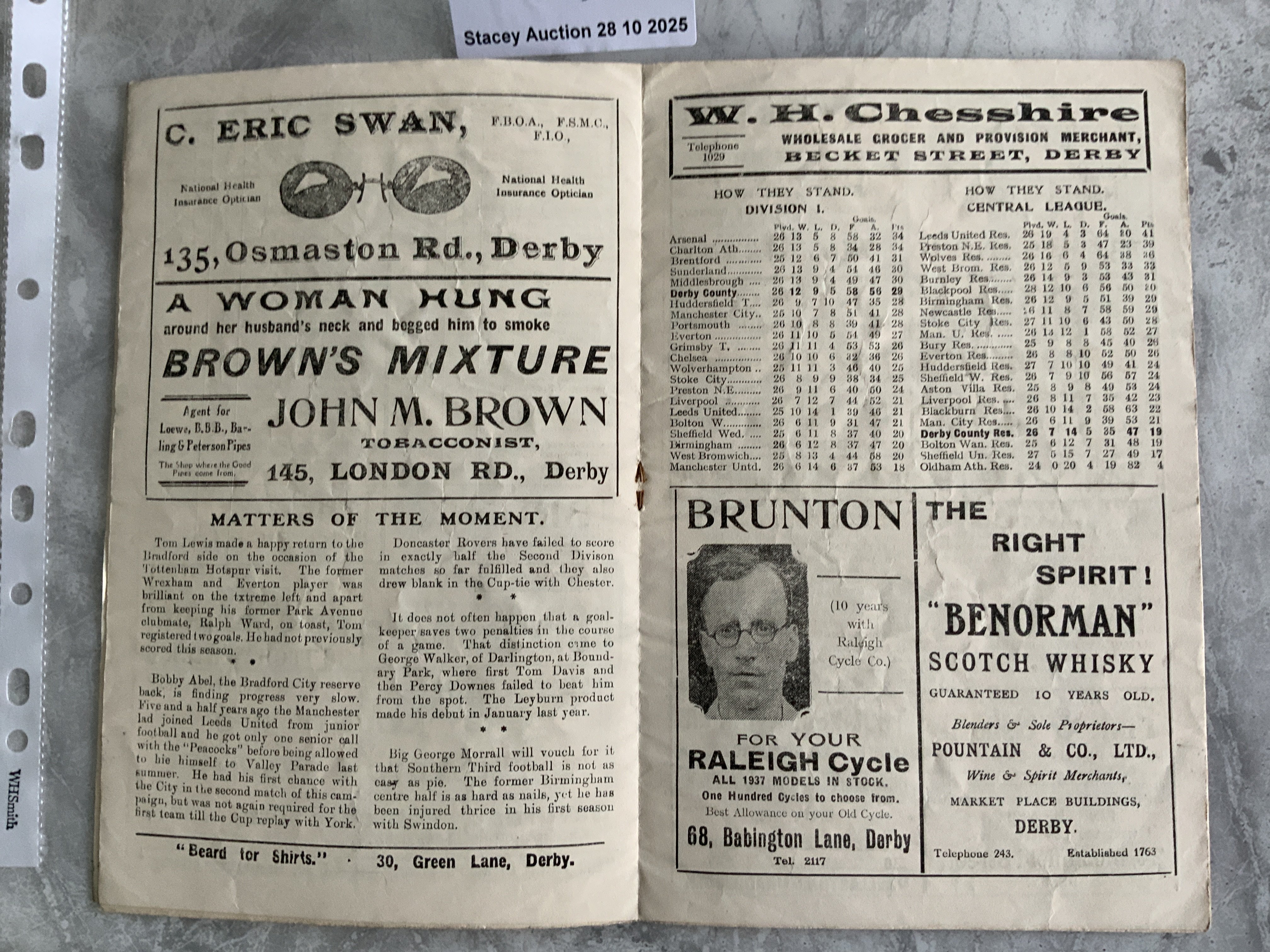 36/37 Derby County v Brentford Football Programme: FA Cup match in good condition with no team changes.
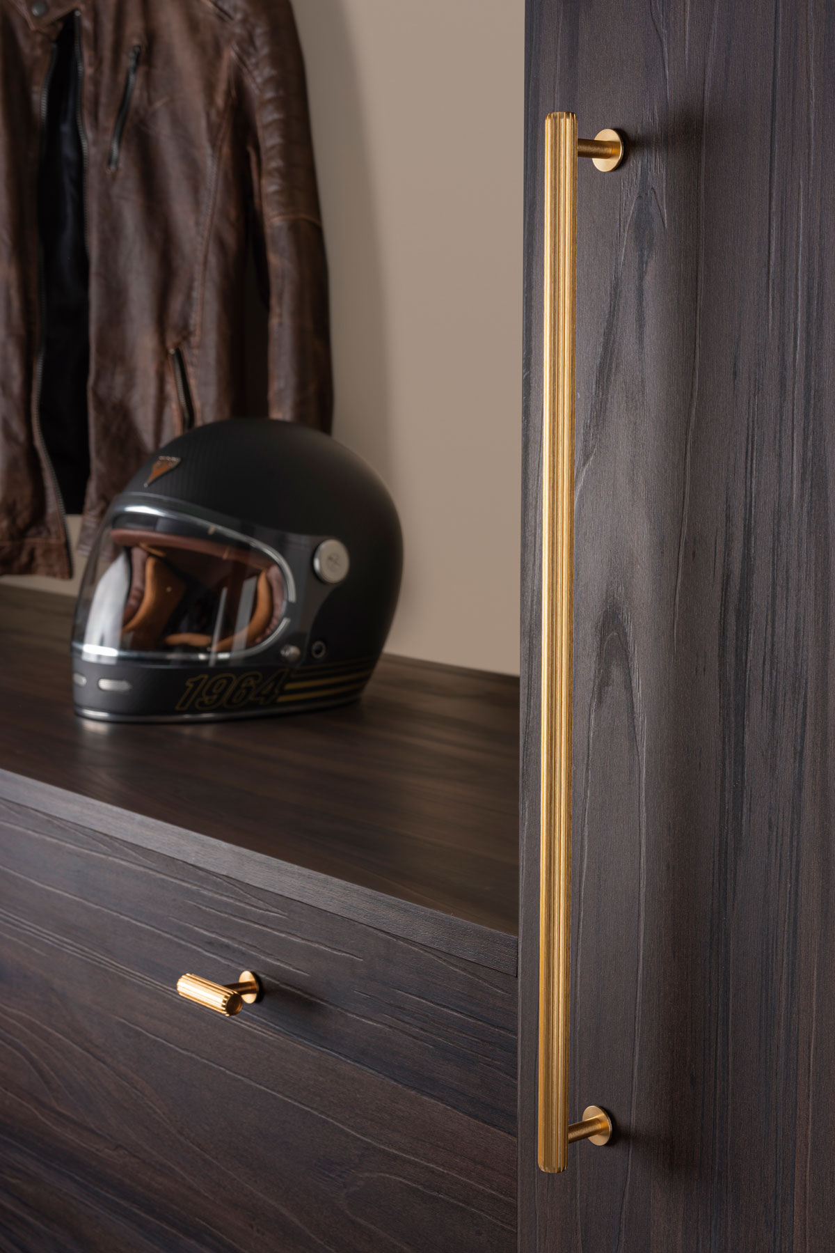 The Rille handle, designed by Patricia Roig and available in stainless steel, dark brushed brass, and brushed black, is great for adding a sense of modernism to any space. With curved contours and optimal practicality, it offers a beautiful appearance.
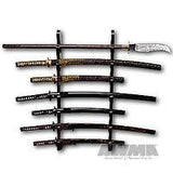 Black Lacquered Wall Sword Display If you dont have the space for our other displays, how about this great display that easily mounts to almost any wall. Display holds up to 7 swords (sold separately). Includes all mounting hardware.

» **WHAT YOU NEED TO DO**: Every line above is to be reproduced verbatim, and the pictures are to be omitted.

» **ANSWER FOR THIS EXERCISE**:
 36/37 Derby County v Brentford Football Programme: FA Cup match in good condition with no team changes.
 The Rille handle, designed by Patricia Roig and available in stainless steel, dark brushed brass, and brushed black, is great for adding a sense of modernism to any space. With curved contours and optimal practicality, it offers a beautiful appearance.
 Black Lacquered Wall Sword Display If you dont have the space for our other displays, how about this great display that easily mounts to almost any wall. Display holds up to 7 swords (sold separately). Includes all mounting hardware.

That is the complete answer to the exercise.